Gruesome TV programs featuring cows being slaughtered and a report by a professor of medicine at Hallym University on MBC that South Koreans are genetically more vulnerable to vCJD--which other scientists refuted--have fanned the flames. So have Internet based rumors that cosmetics, diapers, sanitary napkins and noodles contain cow tissue and are contaminated.
Until the discovery of mad cow disease in the US in 2003, South Korea was the third largest importer of US beef, spending $850 million year. It eased the ban in 2006 only to find backbones, a banned substance, lurking in the beef and reban it (see: Charlie Brown; football) impounding 5,300 tons. Now the meat, which has been in storage, is rumored to soon be released. Will it be billed as fresh?
Of course there are other dangerous meats in the South Korean diet. No hygiene regulations govern the millions of dogs slaughtered for food each year says the Herald Sun, because they are not considered livestock.
But that doesn't mean worries about US beef are unfounded.
Eight people have died from probable Creutzfeldt-Jakob Disease in the US in the last nine months including Connie Albert of Lincoln, IL and Roger Leon Dalton of Willis, VA in Aug. 2007; Roland Lacey and Ray Norris--who lived within three miles of each other near Stanton, DE--and a 79-year-old woman in Milwaukee, WI all in Dec. 2007; a 53-year-old man in Colby, KS in Jan. 2008, a former meat worker, Aretha Vinson of Portsmouth, VA in April and Bob McCord of Burbank, CA in May.
WIVB TV in Buffalo, NY even reported that former Mayor Jimmy Griffin died of Creutzfeldt-Jakob Disease in May but the story was removed as quickly as it appeared with only headlines remaining on the Internet.
Maybe they fear that with all the hormones dumped in the living animals to make them more profitable quicker the eaters of same will go the same way as we Americans, so they'd be permitting the same mayhem of letting aliens ride rough-shod over them as we do. Maybe we should have drawn the line long ago.
But then it's never too late to start.
by
amazin (32 articles, 0 quicklinks, 11 diaries, 396 comments)
on Friday, June 13, 2008 at 12:14:41 PM
Following the nonsense information about nutrition fed to us by the government/medical complex I switched to vegetarianism. I've never been more unhealthy in my life. I've since gone back to eating meat. Grass fed beef is the answer (or meat from other animals eating what they do in nature). More Omega 3 fatty acids than alaskan fish and CLA to boot. Proten is the center of every meal I eat and amazingly enough the pounds just keep melting off. Basically I've come to the conclusion that doing the opposite of what the talking heads recommend is best. Oh and by the way Mad Cow is non existant in cows that are grazed naturally on grass rather than being fed oats, wheat, cardboard and parts of other cows. Wow, seems that they, like us, are effected by what they eat.
by
Ro Bo (0 articles, 0 quicklinks, 0 diaries, 9 comments)

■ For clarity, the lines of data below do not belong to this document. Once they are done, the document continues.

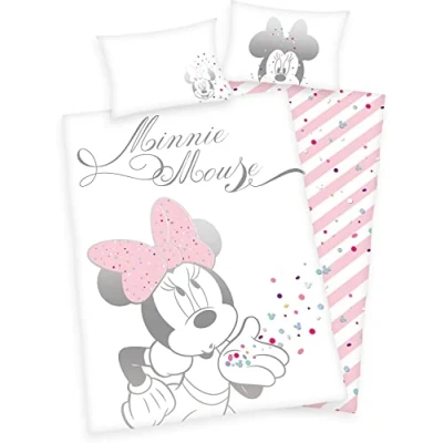 The ideal gift idea for any occasion: breathable toddler linen with reversible Minnie Mouse motif for fans of the world-famous Disney cartoon character Licensed 2-piece set: varied design thanks to reversible pillow case with detailed motif and reversible duvet cover with Minnie Mouse motif and striped back Quick and easy fitting: pillow case with flap opening, duvet cover with zipper High quality material: 100% cotton, produced according to Oeko Tex Standard 100, bright colours, easy to clean: washable at 60°C, tumble dry Contents: 1x Herding Bedding Set, Disney Minnie Mouse, 1x Pillow Case 40 x 60 cm + 1x Duvet Cover 100 x 135 cm, Colour: White/Multi-coloured
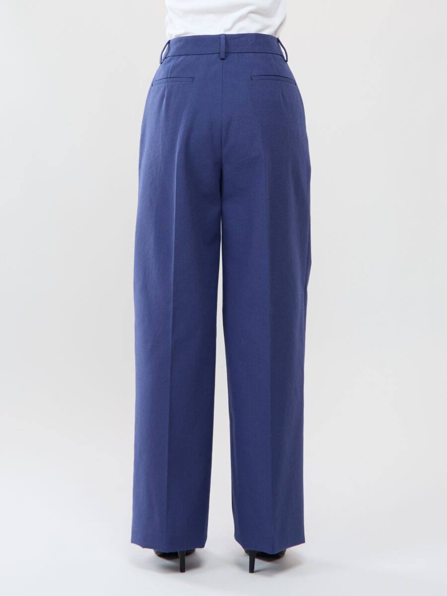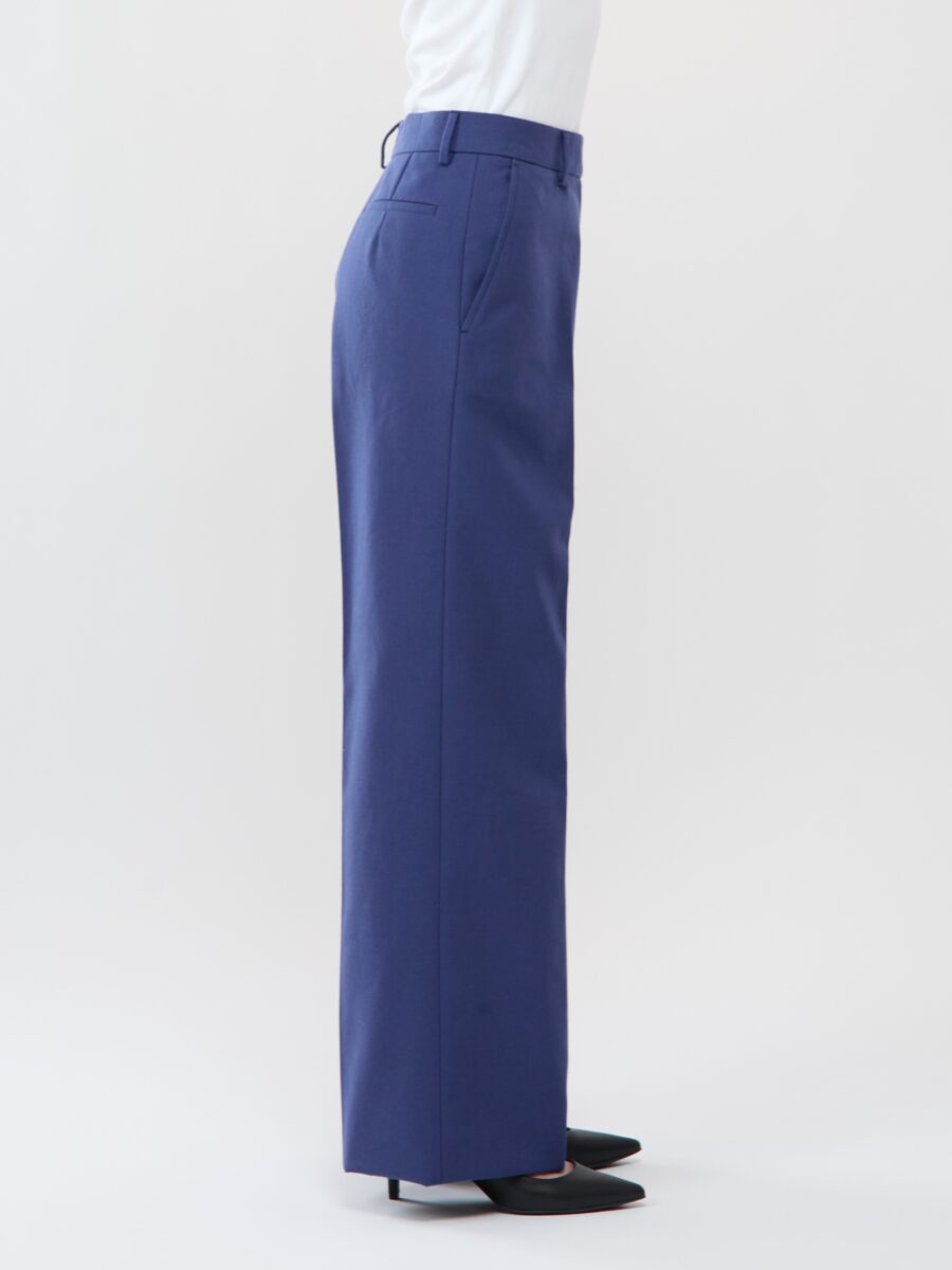 ・ワイド&ストレートシルエット(ノータック仕様) ・ハイウエスト ・スラントポケット(斜めポケット) ・リボルバーポケット ×2(ヒップポケット) ・裾幅:29.5cm
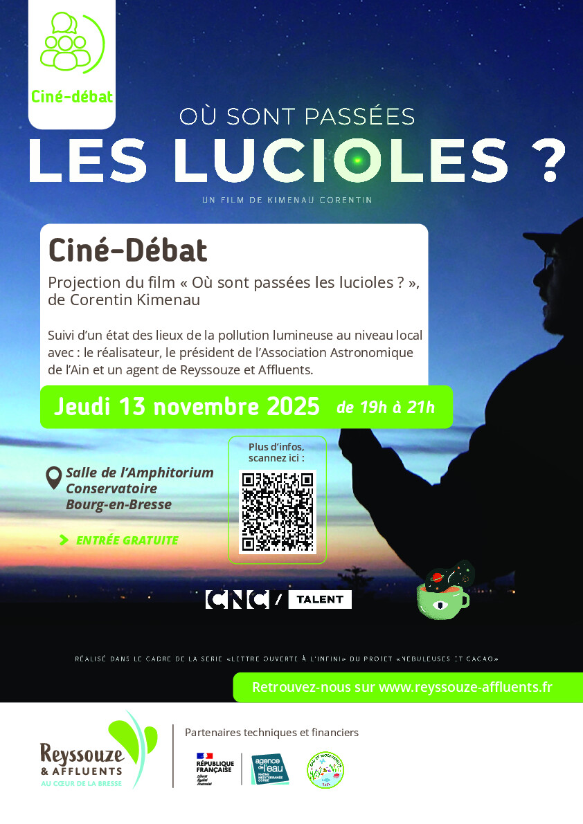 Reyssouze et Affluents vous invite à une soirée exceptionnelle articulée autour de la projection du film « Où sont passées les lucioles ? » de Corentin Kimenau, suivie d'une table ronde en présence du réalisateur et du président de l'Association Astronomique de l'Ain.

on Friday, June 13, 2008 at 12:16:33 PM
Thank you for bringing this up, Ro Bo! Vegetarianism is a wonderful alternative for many people--but not everyone does well on it! People whose ancestors lived in cold northerly climates, like Korea, didn't have fresh vegetables for half the year and adapted to a diet high in animal protein. Asking them to change all of a sudden to a diet more typical of equatorial regions is unrealistic. Plants affect our body chemistry in complicated ways. The Mongolians and Koreans are closely related. Mongolia embraced Buddhism but rejected the concomittant vegetarianism as a folly.
This is what people need to know in order to understand why the protests are so vehement in Korea. When you monkey with people's food sources, you are monkeying with their lives. It is shocking how oblivious Americans are to this.
In contrast, in Japan, which also took up Buddhism about 1500 years ago, the push for vegetarianism was semi-successful. They gave up 4-footed animals, but continued eating a lot of fish (pollution of which is now a real problem). Therefore they have traditionally eaten little meat and the current concerns over BSE leave them clicking their tongues in scorn. After several years of rejecting US beef, they have quietly reintroduced it this year. I don't buy it. It's probably mostly being consumed at restaurants where customers are unaware of the origin of the food. Even if we assume the BSE problem has been solved (and there is no reason to assume that), I do not want to support factory farming for health and ethical reasons. I applaud the Koreans for protesting.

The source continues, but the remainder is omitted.